For instance, when I was working on the code for http://ifcfg.net/ I decided there were two major components I would need to create: the web api to access the data, and then a backing library to do some web scraping to gather BGP data. I started out writing a small scraper in Scala for scraping BGP and looking glass info (which involved learning some more SBT, and selenium apis for Scala) and then moved onto learning a small amount of the Play! framework and exposing my library via that api. This let me focus on one small component at a time and finish it ( I have a habit of leaving personal projects unfinished or taking a long time to finish them if I let the scope creep beyond what I deemed as minimum requirements ).

Pick an interesting project

There are some areas I just don’t have an interest in - like writing an application to track golf scores.

So pick something you like - I love doing backend systems and APIs - pick something your passionate about already or a topic you want to learn more about.

Learn

If I’m working on a personal project and not learning anything new (even if its just a new way to test, for instance) - I get bored, really quickly. I’ve been stemming this by trying to pick up new languages as I work on projects and working on projects with broader goals.

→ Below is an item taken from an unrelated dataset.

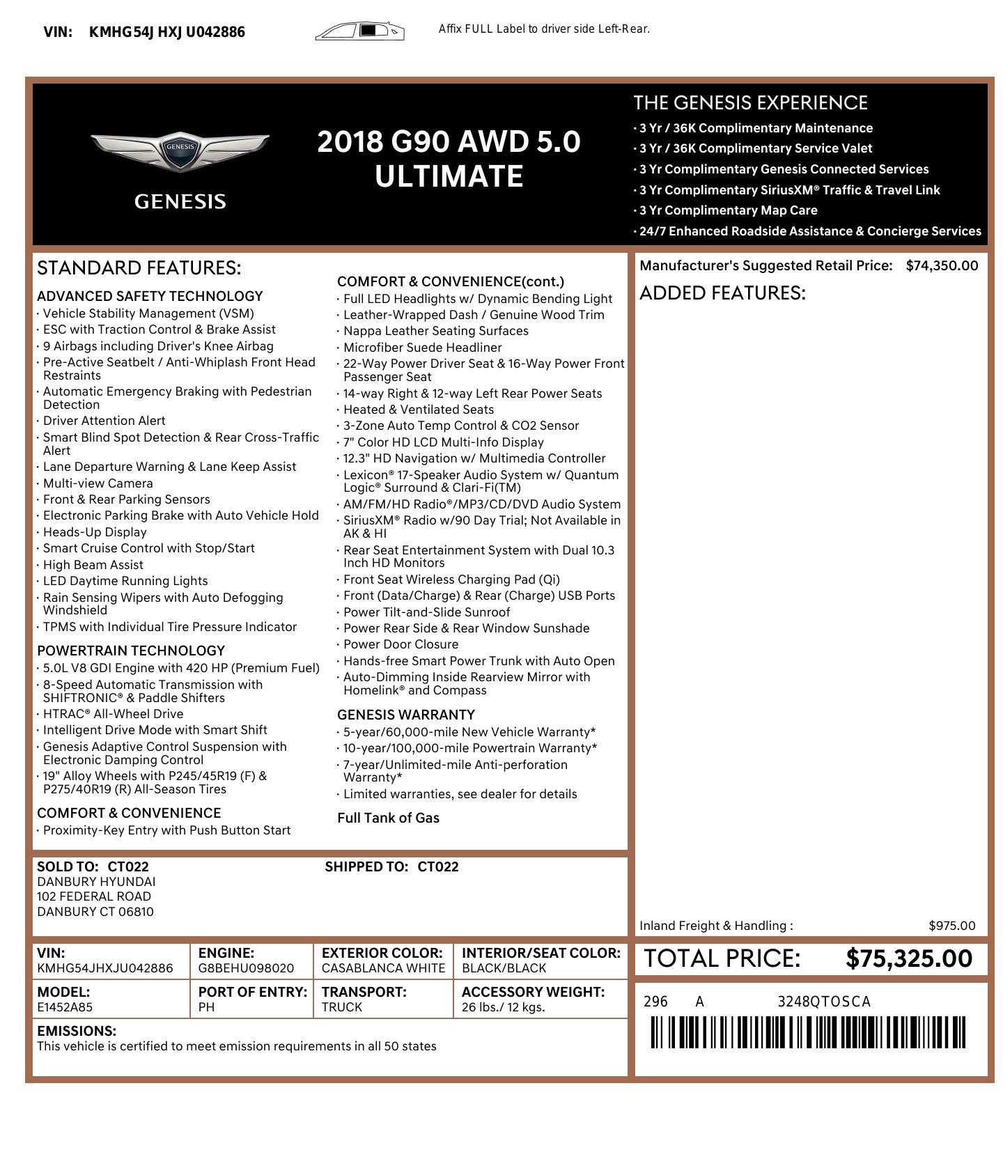 2018 Genesis G90 Awd 5.0 Ultimate 4dr Sedan

For instance, my latest project I’m working on is Patchasaurus ( yes there isn’t a readme yet ). I know theres a gap in the systems world for (open source) patch management, especially focused on Ubuntu and Debian - so I decided to write a small initial version of one. I had been playing around with Go at work (and boy is it nice to get a HTTP API running in a few MB of RAM) and decided to write the agent for patchasaurus in that ( nicknamed trex ). I’ve been learning how to cross compile programs in Go, what libraries don’t work with cross-compilation (looking at you os/user) and a nice work flow for testing these while developing them ( sshfs is great for this with VirtualBox or Vagrant ). I also chose to use Rails 4.1 as the management interface since I wanted to stay up to date with the new Rails features - turns out spring is very nice and a great improvement over the guard work flow I’ve used before.

Don’t focus on processes versus getting things done

I’m a big fan of testing, and TDD, however I’m not always in the mood to do it. Sometimes I just want to see results and I’ll go back and refactor and test later. Picking what works for you on a specific project/component, and getting it done I think is much more important than rigidly following a specific set of guidelines on every project you do ( aka: test first, setup CI before any code, etc ).

Don’t get in a rut

Staring at HackerNews or Reddit all day can be daunting - try and not focus on what everyone else is doing and instead focus on what you’re getting done and how you’re improving yourself.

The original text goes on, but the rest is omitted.